Are you on any medications? I ask because while on topomax after a few months, my husband actually said to me, “either you call the doctor, or I will!” I also think the term SuperBitch was mentioned but later forgiven. ;). Meds can make you react differently as can going off meds. But also, I think we have earned the right to a shorter fuse to an extent. Life is short, we know that more now than ever and we shouldn’t have to put up with nonsense. And when you’re still healing, a lot can get on your nerves! At least it did mine! I remember going back to work and being made to attend a workshop where the speaker would not turn the music down. He was making a point, that when music is loud, students tend to cluster closer to have discussion. My point was that I had just returned from brain surgery and shouldn’t have to endure a migraine brought on by sound. The world unfortunately does’t understand what we go through, and even people that are close to you and went with you to surgery and through recovery don’t understand what’s kicking around in your mind because we faced the knife and came out on the other side, and recovery is a different beast altogether… One with very little support, even from our doctors… Because most have NO idea. My husband kept saying “you look fine! Stop pulling the aneurysm card!” They have NO idea. And hopefully they never will! Do what’s best for you. For me, it was a low dose of nortriptyline for chronic head pain. It certainly gave me more patience, and helped with the kicking of cigarettes.
Hang in there! And hey, do some yoga, or he’ll even kickboxing to defuse some of the anger!
I had my coiling in June of 2012. I have been angry for a while. It comes and goes. If I hold it in I feel me head getting hot and start to hurt and throb like. My face fells all flush and hot a little I’m not sure I’m explaining this correctly but that’s another problem. I don’t know just what to say when I don’t feel good. Some days I’m very happy and other days I’m very depressed and angry. I’m afraid of therapy because I don’t want another pill. I just want to heal if there is such a thing. I feel stuck most of the time. If my atmospher is not a controlled one I can get pretty upset being around people sometimes. I want to interact with people but sometimes it just goes all wrong.

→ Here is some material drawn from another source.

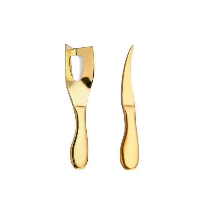 Faca Queijo Camarao Manteiga Jogo Aço Inox Dourado 2un dourado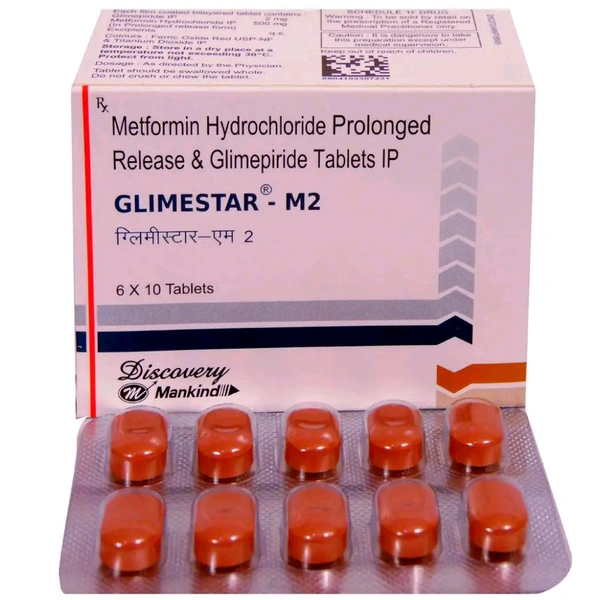 Glimestar M 2 Tablet is used to treat type 2 diabetes. It contains Glimepiride and Metformin which works by decreasing the amount of glucose absorbed from the food and the amount of glucose made by the liver. It helps the pancreas to produce insulin and helps the body use insulin efficiently. In some cases, this medicine may cause side effects such as stomach pain, nausea, diarrhoea, vomiting, headache or metallic taste. Inform the doctor if you are pregnant or breastfeeding, taking any other medication, or have any pre-existing medical conditions.

Another thing that bothers me is I feel that since God saved my life the devil is always setting traps for me. I have had several people who know what I’ve been through to curse me out seriously for no reason at all. They usually call me after they have been drinking and let it rip and later act as if nothing has happened and expect to pick up and keep it moving. I NEVER intentional hurt anyone ever. This I feel is Dominic because does not work like that. Whew!!! Venting.
Frustrated.
Sharon brought you back on line here...so is that time for some us to nag? Where are you, how are you, what are you doing...what are your neuro-doc advising /recommending?
How are you feeling?
So hope you will share your changes, adjustments, medical advice/help/results with the rest of us...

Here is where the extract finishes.